There is a disturbing trend going on in health care – and it’s one that few consumers are aware of.

Billion-dollar financial giants, or “private equity” investment firms, are buying up hospitals, emergency rooms and health care practices at alarming rates. Their aim is to maximize profits then self-off the practices – at many, many times the purchase price – and deliver major returns to shareholders.

In order to do this, they employee the doctors and staff, gut services, raise prices and cut back on equipment.

Often these firms operate in the shadows. In fact, your doctor’s office might have been taken over by one of these firms and you don’t even know it. You just feel the impacts: a steady deterioration of services, worsening quality, higher costs and copays.

But even in the shadows, private equity’s influence over health care is far-reaching and rapidly growing. In 2019, private equity's health care acquisitions reached $79 billion. 2018 was the first time ever in the US that more doctors were employees than owners of their practice. And since 2010, private equity investment firms have spent more than $580 billion to acquire health care practices.

The problem with private equity’s profit-first goal is that the best health care and the biggest returns are often at odds with each other.

"Private equity firms expect greater than 20 percent annual returns, and these financial incentives may conflict with the need for longer-term investments in practice stability, physician recruitment, quality, and safety," JAMA’s study of private equity in health care found.

How do you secure 20 percent yearly return on your investment? You cut costs and raise prices.

For example, treatment from a private-equity-owned freestanding emerging rooms (ERs), the majority of which are for non-emergency care, can be 22 times more expensive than at a physician’s office, according to the Harvard Business Review (HBR).

“The investors’ strategy appears to be to increase revenues by price-gouging patients when they are most vulnerable,” writes HBR.

It’s not just price-gouging. There’s also major cost-cutting. According to an NBC report, “private equity's growing involvement in health has contributed to shortages of ventilators, masks and other equipment needed to combat COVID-19, because keeping such goods on hand costs money.”

The profit-driven focus of private equity firms can also impact quality and safety.

Zirui Song, MD, Ph.D., assistant professor of healthcare policy at Harvard Medical School told Medical Economics that private equity’s “need to derive a large financial return… could change the way patients are diagnosed or treated if those decisions are influenced by the need to generate a financial return.”
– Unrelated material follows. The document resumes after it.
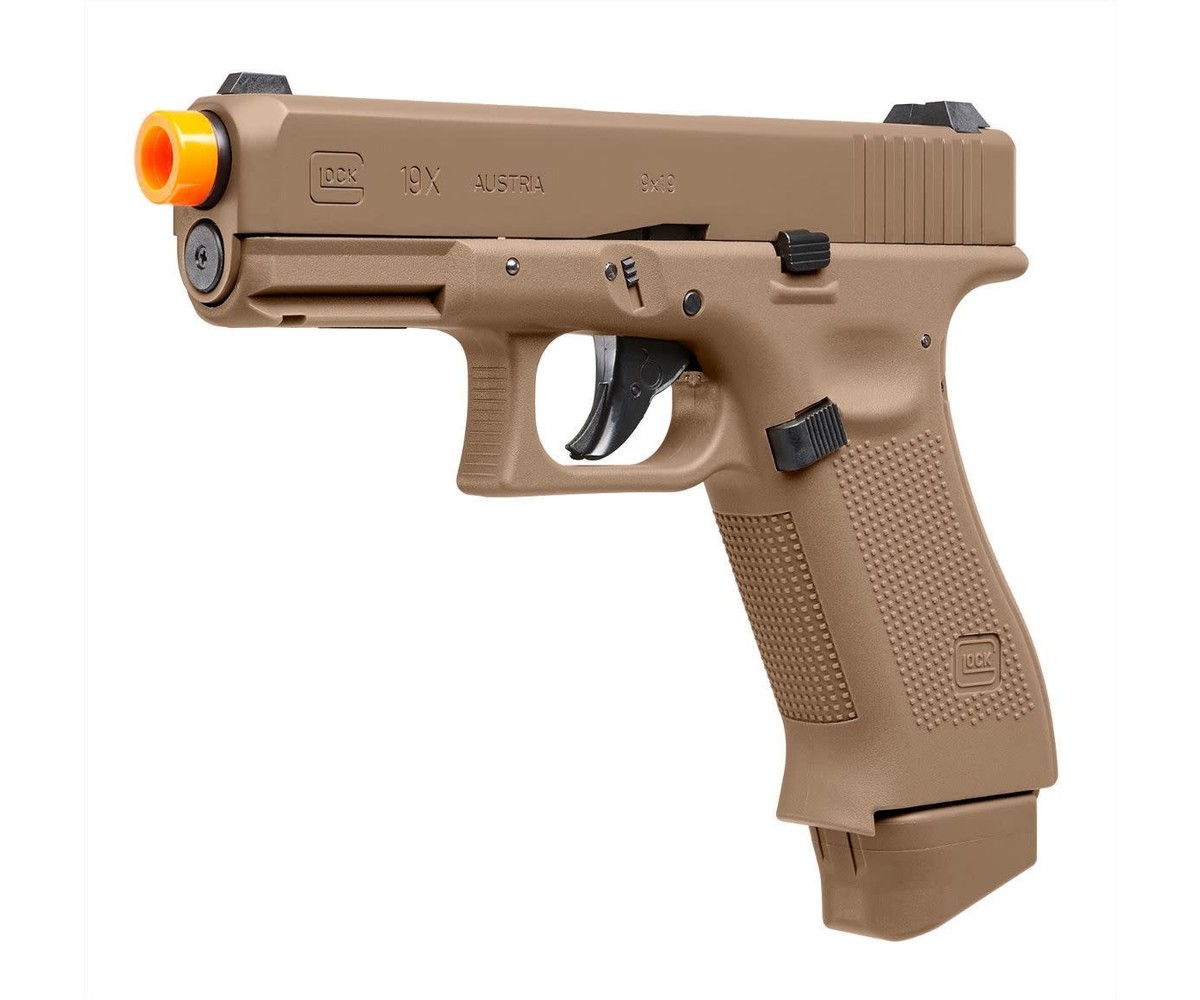 The Umarex Glock G19x CO2 Half gas blowback is a licensed replica of the real firearm with its metal slide to its polymer lower frame, this pistol is popular with players and gun enthusiasts alike. The G19x CO2 kicks fairly hard even though the slide only moves halfway while making it a very snappy and fun to shoot. Great for a backyard target blaster, or a cold-weather backup gun for winter games!

Dr. Song also worries that there may be incentives for doctors to use certain services that are costlier or to refer to providers or labs that are also owned by the private equity firm.

Another place where you feel the pain of private equity in health care? Your insurance premiums.

Private equity groups can buy up multiple practices in a region, merge them into a large conglomerate, and then use their market power to extract bigger payments from insurers. Those bigger payments are passed onto policy holders in the form of higher premiums.

Wall Street has a business model, and it’s not necessarily a bad one: buy low, maximize value, sell high. The ultimate goal is profit.

But medicine is different. The ultimate goal in medicine is a person’s health. When the goal of medicine becomes profit, prices go up and quality and safety is sacrificed.

And that’s not just costly, it’s dangerous.